Man of the Month: Frank Bender

FRANK BENDER IS A SPOOKY DUDE, and not only because he knows what your skull looks like. It's spooky how his answering machine invites you to leave a message for "the recomposer of the decomposed," and it's a little spooky how he returns your call from his claw-foot bathtub. It's spooky how air pistols and handcuffs dangle from the pot rack in his kitchen, and it's definitely spooky how he made a plaster-cast replica of his friend Rebekah's vagina. It's spooky how he talks, and it's even spooky how he listens. But the spookiest thing about Frank Bender is also the thing that's made him a legend in the field of law enforcement: Frank Bender sees dead people.

Sorry, but he does. Frank is a forensic sculptor. He does facial reconstructions--busts of human heads based on nothing but a defleshed cranium--to help cops identify anonymous bodies. He doesn't use computers. He has no formal training in medicine or forensics or anatomy. He uses his hands and his tools and his sculpting materials, and he makes his best guess at what he thinks--what he feels, really--the victim might have looked like. He does use a facial-tissue-thickness chart, which tells him roughly how much clay to apply to the different parts of the skull. But the chart shows averages, and every head is different. "There's no rule on how to make an ear," Frank says.

Usually the skull is all he has to work with, but sometimes there will be a few clues: a strand of hair, a piece of jewelry, the mangled frame of the victim's glasses. Once, he successfully conjured a victim's likeness from a skull that was barely a skull at all anymore. "There was no zygomatics, no nasal aperture, no maxillae, no eye orbits," Frank says. Not that he's bragging. Over his twenty-eight-year career, Frank's busts have led to twenty-five positive IDs. He's worked for the Philadelphia Medical Examiner's Office, the FBI, the Mexican government, Interpol.

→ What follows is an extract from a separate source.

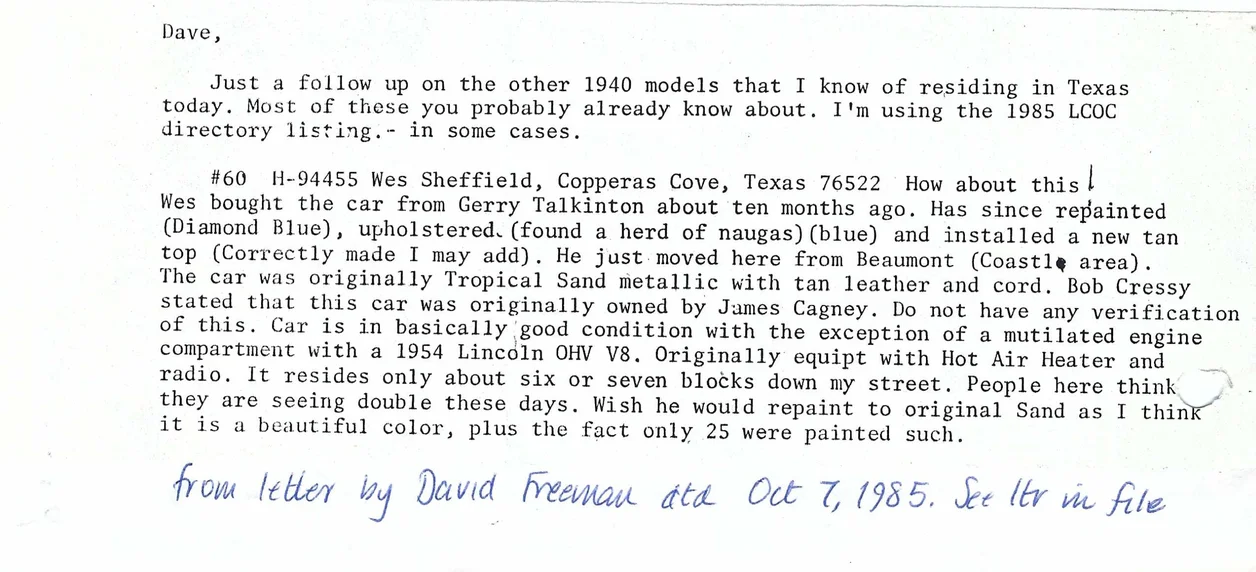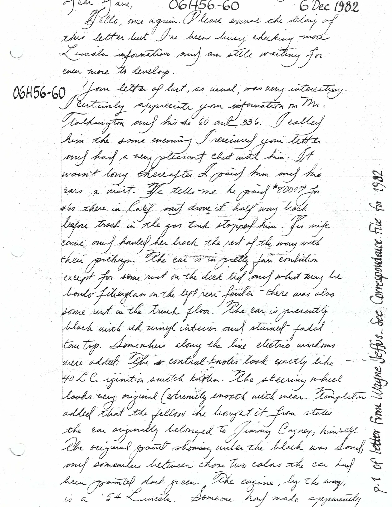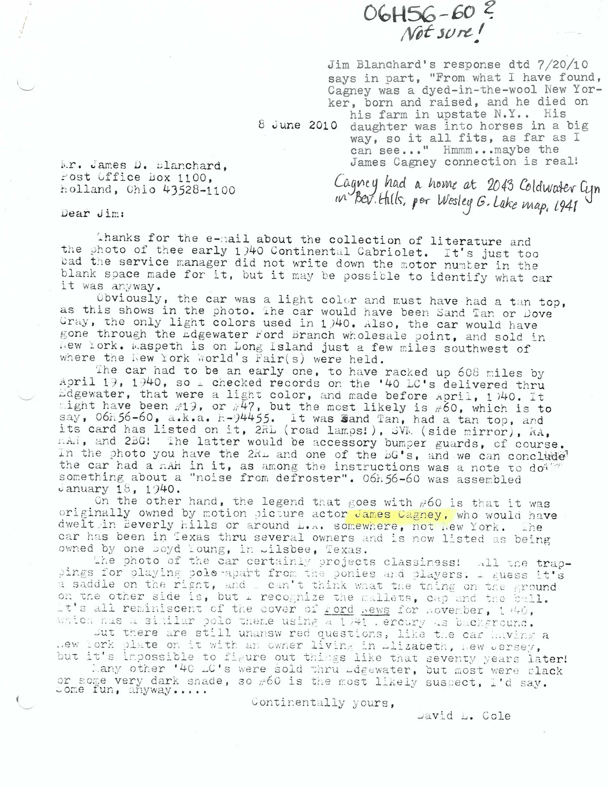 A letter dated June 8, 2010, to Jim Blanchard concerning the likelihood that Jimmy Cagney was the original owner of the car:

And it's not always dead bodies. Some of Frank's biggest cases have been manhunts. Working with old photos and whatever information is available about the fugitive, Frank will add twenty years to his face and intuit how he would disguise himself. Would he wear glasses? A beard? Would he have long hair or short? Dyed or natural? Where would he live? City or suburbs? How would he dress? In 1989, Frank made a bust of John List, a New Jersey accountant who'd slaughtered his mother, his wife, and his three kids in 1971, then disappeared. Frank sculpted a suit and tie on List because "the guy wore a suit and tie when he mowed the lawn." Then he placed a pair of thick, dark-brown glasses on his face, reasoning that "he would want to look more astute, more in control than he really was." America's Most Wanted aired a photo of the bust, and eleven days later, the FBI picked up List in Richmond, where he'd married again and begun a new life under an assumed name. He was working as an accountant. Guess what type of glasses he wore?

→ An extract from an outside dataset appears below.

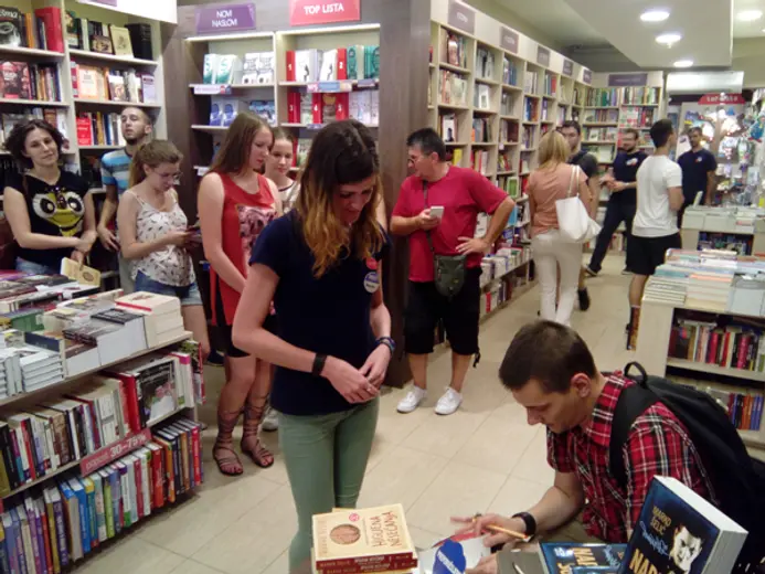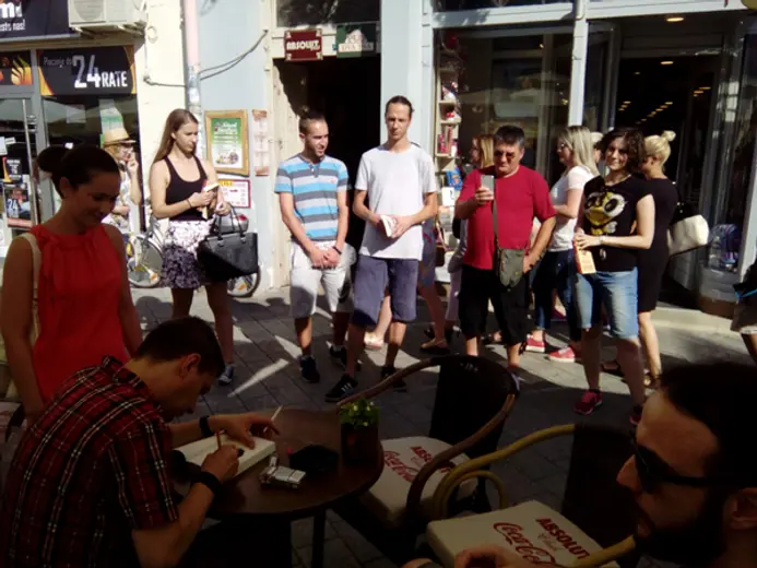 Marčela je na potpisivanju dočekala armija obožavalaca, koji su iskoristili priliku da sa omiljenim muzičarem i piscem razmene utiske o njegovom radu. Među prisutnima bilo je i mnogo posetilaca Exita, iz čitavog regiona, koji su želeli da upoznaju Marčela i dobiju njegov potpis. On je napravio sjajnu atmosferu i istakao da ne bi bio to što jeste da nema ljudi koji poštuju njegov rad.

When you ask people in law enforcement to explain how Frank Bender does what he does, they speak of his intense interest in human nature. They mention his compassion for the victims. They point to his talent as a fine artist, his uncanny ability to read bones for clues. But really, the essence of what they're saying is this: Frank Bender has a sixth sense.

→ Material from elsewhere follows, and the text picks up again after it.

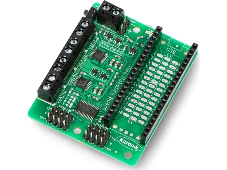 Raspberry Pi Kitronik Robotics Board - Styrenhet För 4 Motorer Och 8 Servon - 3-10,8V - För Raspberry Pi Pico - Kitronik 5329}

ONE SATURDAY last November, I visited Frank in his home and studio on a South Philly block in midgentrification. We hadn't met before, but we'd spent plenty of time on the phone. Frank loves the phone. He's on the phone when I arrive, and it rings all day long: his clients, like Tom McAndrew of the Pennsylvania State Police, who hired Frank to conjure the face of a dead man whose body had been dumped in a fifty-gallon drum and set on fire; his wife of thirty-four years, Jan, whom he met when she was a teenage runaway dancing in a go-go bar; his girlfriend, Carolyn, who's coming over later. Jan knows all about Carolyn, by the way. She knows about Joan, too, Frank's assistant and "second wife." And she knows about Rebekah. And she's fine with it. As a character declares in Woody Allen's Bullets over Broadway, "An artist creates his own moral universe."

Frank wraps up his call and greets me with a slightly cross-eyed grin, a silver tooth gleaming from the corner of his mouth. He's sixty-two, but he's lean and powerfully built. He has a snow-white, cartoon-devil goatee. He looks like Ben Kingsley in Sexy Beast. As he sizes me up (at least two beats longer and far more intensely than is customary), it occurs to me that he's trying to visualize the contours of my skull. It also occurs to me that in this age of contrived eccentricity, it's refreshing to meet a genuine eccentric.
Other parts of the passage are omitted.